Somos imagem de Deus
O Bispo de Roma lembrou que, embora a natureza ofereça alimento, água e ar em abundância, isso não basta para saciar o coração humano. “A disponibilidade da natureza não nos basta, porque nós não somos apenas aquilo que comemos, bebemos e respiramos”, afirmou. A razão, explicou, está no fato de que o ser humano é uma criatura única: “trazemos em nós a imagem de Deus, que é relação de vida, de amor e de salvação”.
Por isso, ao falar novamente da solidão, o Papa dirigiu uma palavra direta e consoladora aos jovens: “Quando você se sentir sozinho, então lembre-se de que Deus nunca o abandona”. Essa certeza, disse, torna-se força para dar o primeiro passo em direção ao outro, rompendo o fechamento em si mesmo. “Cada um permanece só quando olha apenas para si mesmo”, advertiu, enquanto “aproximar-se do próximo faz de você imagem daquilo que Deus é para você”.
Juventude da Diocese de Roma na Sala Paulo VI (@Vatican Media)
A luz que não se apaga
Recorrendo à poesia, Leão XIV evocou os versos de Salvatore Quasimodo para falar da solidão humana, mas reinterpretou essa imagem à luz da fé. O “raio” que atravessa o coração, explicou, não é uma luz passageira: “não é uma luz intermitente, que nasce para depois se pôr, mas o Sol da justiça, que é Cristo”. E acrescentou: “Ele aquece o nosso coração e o inflama com o seu amor”.

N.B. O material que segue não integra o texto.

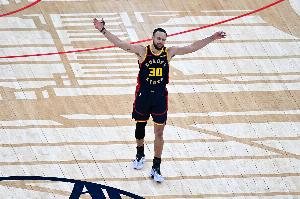 體育資訊11月13日訊 勇士客戰(zhàn)馬刺,第三節(jié)庫(kù)里單節(jié)9分鐘狂轟22分。
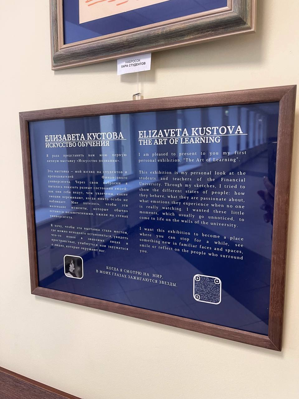 Экспозиция расположилась на 3 этаже, возле кабинета 327 на Верхней Масловке. Это особый взгляд Елизаветы на жизнь нашего факультета — в её работах запечатлены студенты и преподаватели в самые разные, подчас незаметные моменты: в раздумьях, в увлеченной работе, в живом общении.
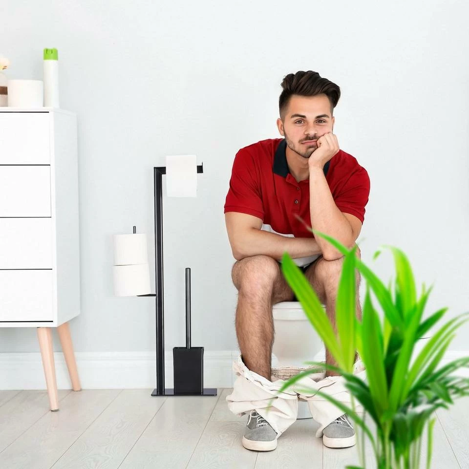 Toilettenbutler in schickem Matt-Schwarz Im Badezimmer oder Gäste-WC – mit dieser WC Garnitur haben Sie stets Klopapier, Klobürste und bis zu 2 Ersatzrollen griffbereit. Der Toilettenbutler in schickem Matt-Schwarz lässt sich freistehend beliebig platzieren und verhindert dank Kunststoffschoner Kratzer im Boden. Das moderne Design wird dabei ein toller Hingucker in Ihrem Bad. Für die entsprechende Hygiene sorgen der entnehmbare Bürstenbehälter und der austauschbare Bürstenkopf. Achtung: Bitte achten Sie beim Kauf eines Ersatzbürstenkopfes auf einen Kopf-Durchmesser von etwa 8 cm und ein Innengewinde von ca. 9,5 mm, wie beim Relaxdays Bürstenkopf-Modell 10021025.
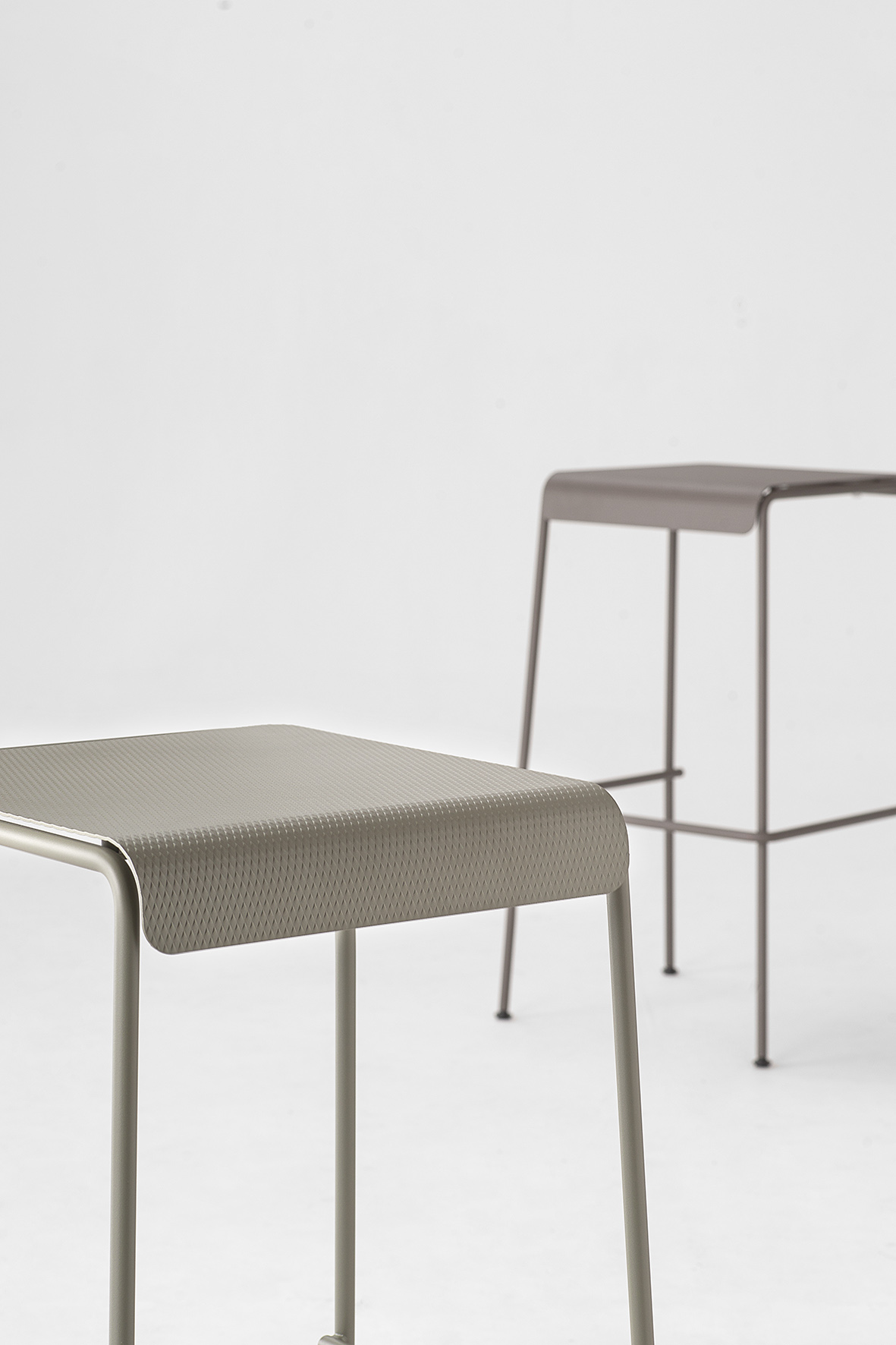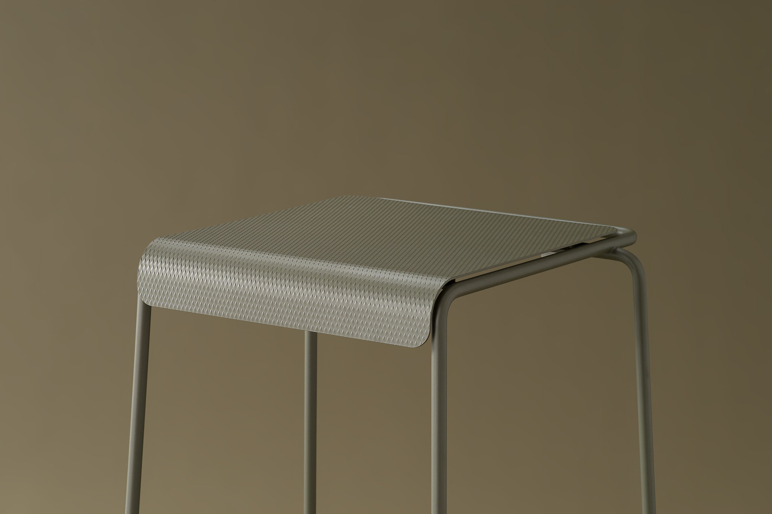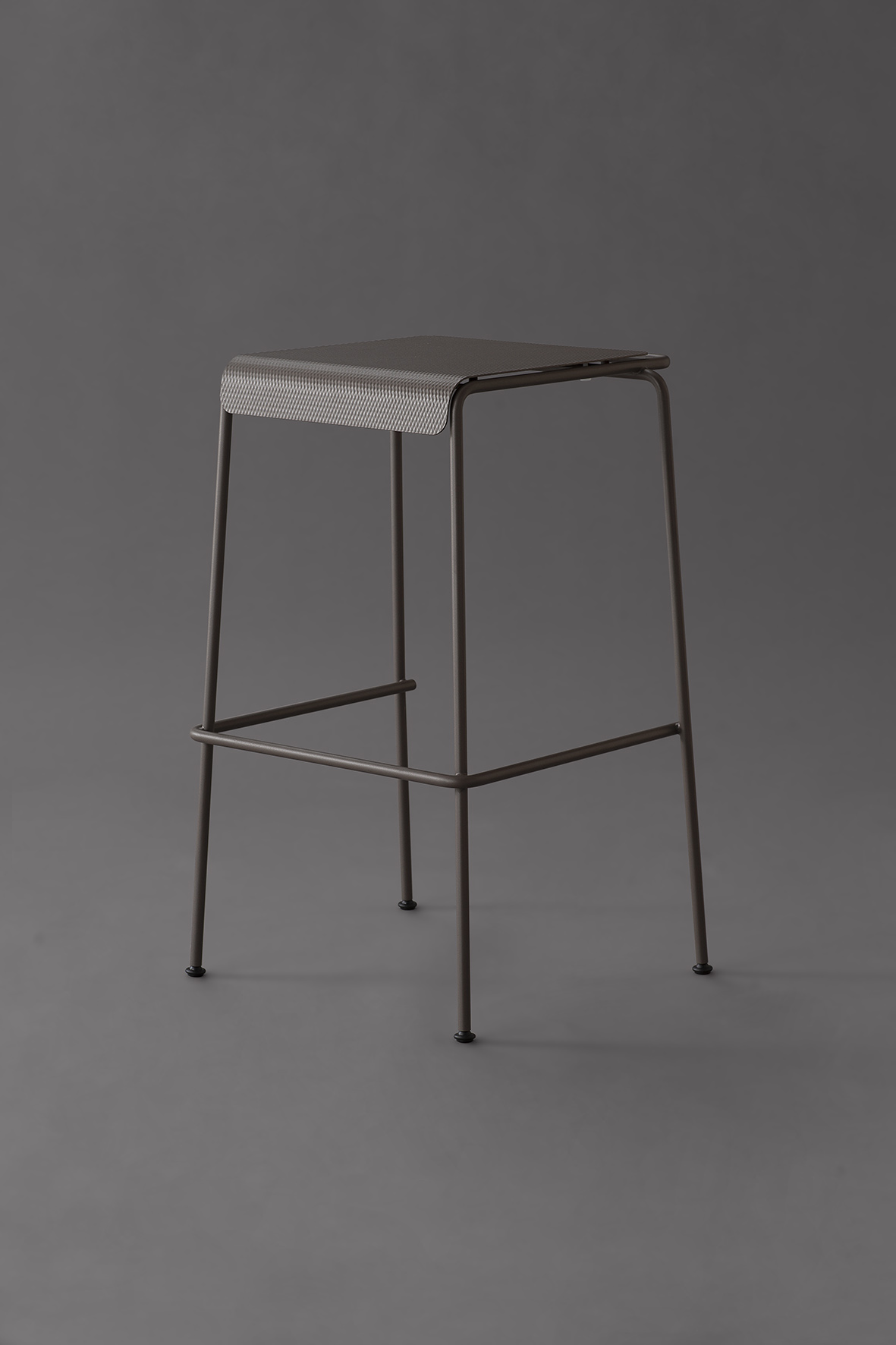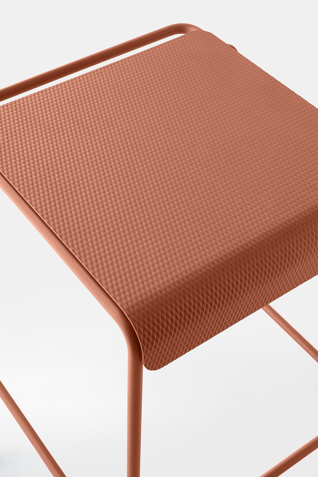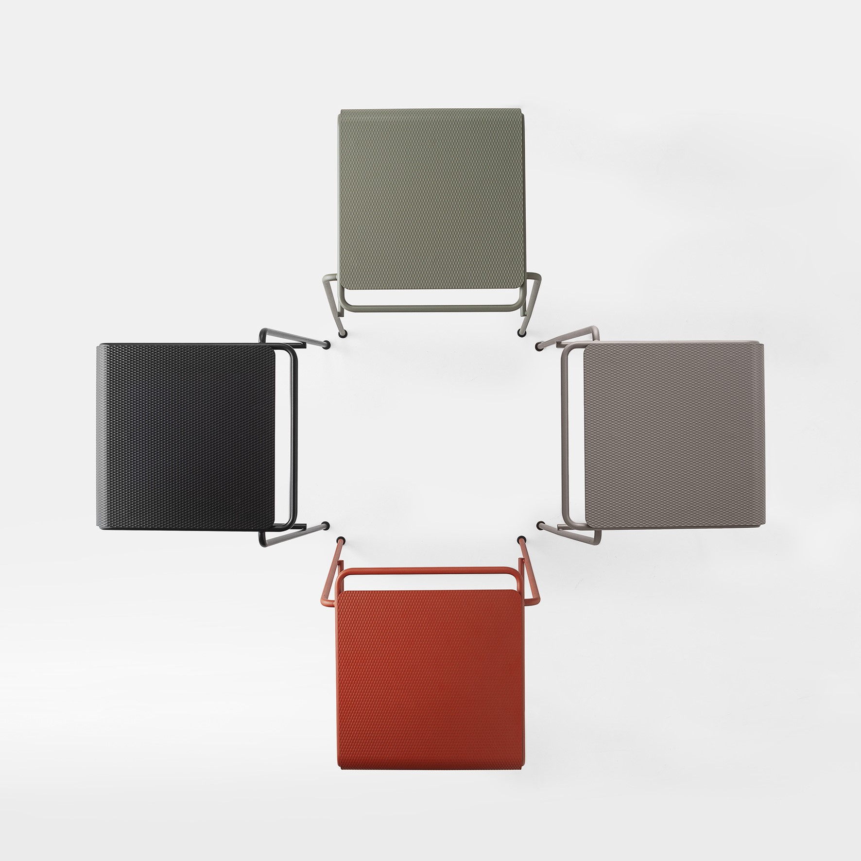 La seduta, realizzata in lamiera di acciaio inox testurizzato e verniciato, sorprende per la finitura che evoca un tessuto: un invito tattile e visivo a sedersi, toccare, scoprire.

Desse encontro com Jesus, afirmou o Papa, nasce a força para mudar a própria vida e transformar a sociedade. “A luz do Evangelho ilumina as nossas relações”, expandindo-se por meio de palavras e gestos cotidianos, até tornar “um mundo cinzento e anônimo um lugar acolhedor, à medida do ser humano, justamente porque é habitado por Deus”.
Dar testemunho sem buscar aplausos
O Santo Padre expressou alegria pelas experiências autênticas vividas pelos jovens nas paróquias, nos oratórios e nas associações, mas os advertiu a não esperarem reconhecimento fácil. “Não esperem que o mundo os acolha de braços abertos”, afirmou, lembrando que “a publicidade, que precisa vender algo para consumir, tem mais audiência do que o testemunho, que quer construir amizades sinceras”. Por isso, exortou-os: “Ajam com alegria e perseverança, sabendo que, para mudar a sociedade, é preciso antes de tudo mudar a nós mesmos”. Em seguida, o Papa explicou que a palavra “santa” tem a mesma raiz da palavra “sã” e que, se realmente quisermos ser santos, é preciso começar com uma vida sã e nos ajudar mutuamente a evitar aquelas situações que, infelizmente, marcam a vida de tantos jovens, como as dependências:
“Somos testemunhas, e os verdadeiros amigos são aqueles que acompanham e podem realmente oferecer uma vida sã, porque todos somos santos. E isso também depende de vocês. Não tenham medo de assumir essa responsabilidade. Quem vive de verdade é quem vive com Deus, autor e salvador da vida. É assim que todos podemos ser santos nesta vida!”
Leão XIV também saudou os jovens que acompanharam o encontro na Praça São Pedro (@Vatican Media)
A oração rompe as correntes
Respondendo ao desejo dos jovens de saber o que fazer de concreto para romper as “correntes” que aprisionam, Leão XIV foi claro: “Antes de tudo, rezar”. Definindo a oração como um gesto profundamente real e transformador: “Este é o ato mais concreto que o cristão realiza para o bem de quem está ao seu lado, de si mesmo e do mundo inteiro”.
A oração, explicou, “é um ato de liberdade, que rompe as correntes do tédio, do orgulho e da indiferença”. É Deus quem acende o fogo de um coração ardente, especialmente quando o cristão O encontra na Eucaristia, no Evangelho e nos Salmos, tornando-se capaz de ser “luz do mundo e sal da terra”.
O verdadeiro bem como dom
Ao concluir, o Papa convidou os jovens a olharem para os santos como testemunhas de verdadeira liberdade:
“Não se trata de realizar esforços sobre-humanos, nem tampouco de fazer de vez em quando alguma obra de caridade: trata-se de viver como homens e mulheres que têm Cristo no coração, O escutam como Mestre e O seguem como Pastor. Olhemos para os santos: como são livres! Juntamente com eles, sigamos adiante no caminho, sabendo que o verdadeiro melhor da vida não pode ser comprado com dinheiro nem conquistado com armas, mas pode ser doado, simplesmente, porque Deus doa a todos com amor.”